Voices of the others, started to heckle me.
"You're wasting your money."
"You're letting her get away with something."
"She has to stick it out."
"You're teaching her to be a quitter."
BACK OFF! I AM THE MOTHER. I DECIDE.
I asked myself, what is best for this child in this moment?
I thought of how beautifully Lydia described the need for recovery time after a hard day.
We skipped martial arts.
Seth and Riley played outside after dinner. By 6:30, she was okay. They were all rough and tumble with big bouncy exercise balls (formerly used for floor time) in the front yard. Riding their scooters up and down the sidewalk. Running joyfully with the neighbor's five year old.
The sky darkened behind the house, but the sun lit up the clouds in front.
She got to see her rainbow.
Riley and Seth and our little neighbor friend shrieked and jumped for joy! They tossed cut grass clippings into the air in celebration, like confetti. They squealed and danced at the site of the rainbow over our house. Tomorrow is a new day.
"Where you are right now doesn’t have to determine where you’ll end up. No one’s written your destiny for you. Here in America, you write your own destiny. You make your own future."
-President Barack Obama

13 comments:
Good call, mama! Love the joy the children got out of the rainbow...better than Tae Kwan Do yesterday, for sure!
sounds like you did the right thing, mama.
you were the decider. tee hee.
Sounds like you made the right choice! And the rainbow...what a way to end the day.
How lucky that Riley got to see her rainbow! Great! I love your little prayer in the first paragraph.
Oh how well I know the voices of "the others!" Always, you have to go with the flow of the day which you did beautifully. I'm so glad the day was not only salvaged but wonderful. So cool Seth called him Barack. Love it. It sunk in.
"She needed to go elsewhere. Bikini Bottom was just the place."
Abso-you-know-what-lutely.
YOU GO.
And thank you, Lydia.
"Note to self: God loves the ignorant, the racist, the shameful, the fearful who feel separated from Who They Really Are, and the people who judge them. Amen."---
1) Thank you for that laugh. And reminder.
2) I ADORE your boyo. I want to sprinkle sugar on his, and eat him up.
3) ((R)) Can she use a little recorder, do you think? That is what I did when anxiety would make it hard for me. ;)
4) The end made me cry.
5) The kids school did NOT show the speech. !!!???!!! *sigh*
:)
Wow, how nice that the universe sent you such a vibrant rainbow hued sign that you did the right thing in listening to your instincts. Just think, had you not, there would have been more anxiety, possibly tears, or even another meltdown instead of the rainbow joy. That's what I call a good mommy moment!
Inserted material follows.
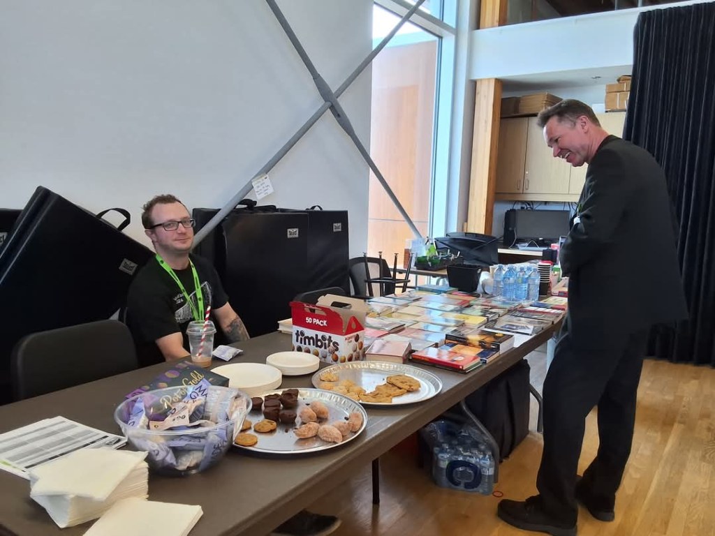 Upon check-in at the table, you’ll be able to sign up for your shift. This shared model ensures everyone has the chance to display their work and connect with readers while keeping things running smoothly.

Well done!
-e-
So glad she got her rainbow! One of my favorite quotes is "In your heart, you know the right thing to do at each moment." I try to remind myself of that as often as possible. Love.
It can be really tough knowing when to say when, when it comes to our kids that have autism.
I've been strugling with it in getting my own kiddo to even step foot in the school.
Your post brought a tear to my eye.
Jenn B
You amaze me, Michelle. Over and over.
I'm also amazed by the folks who didn't want children to hear a message like the one Seth absorbed. But, as you so rightly point out, God loves them anyway.
And me, even though I want to set fire to their shoes while they're walking over hot sand.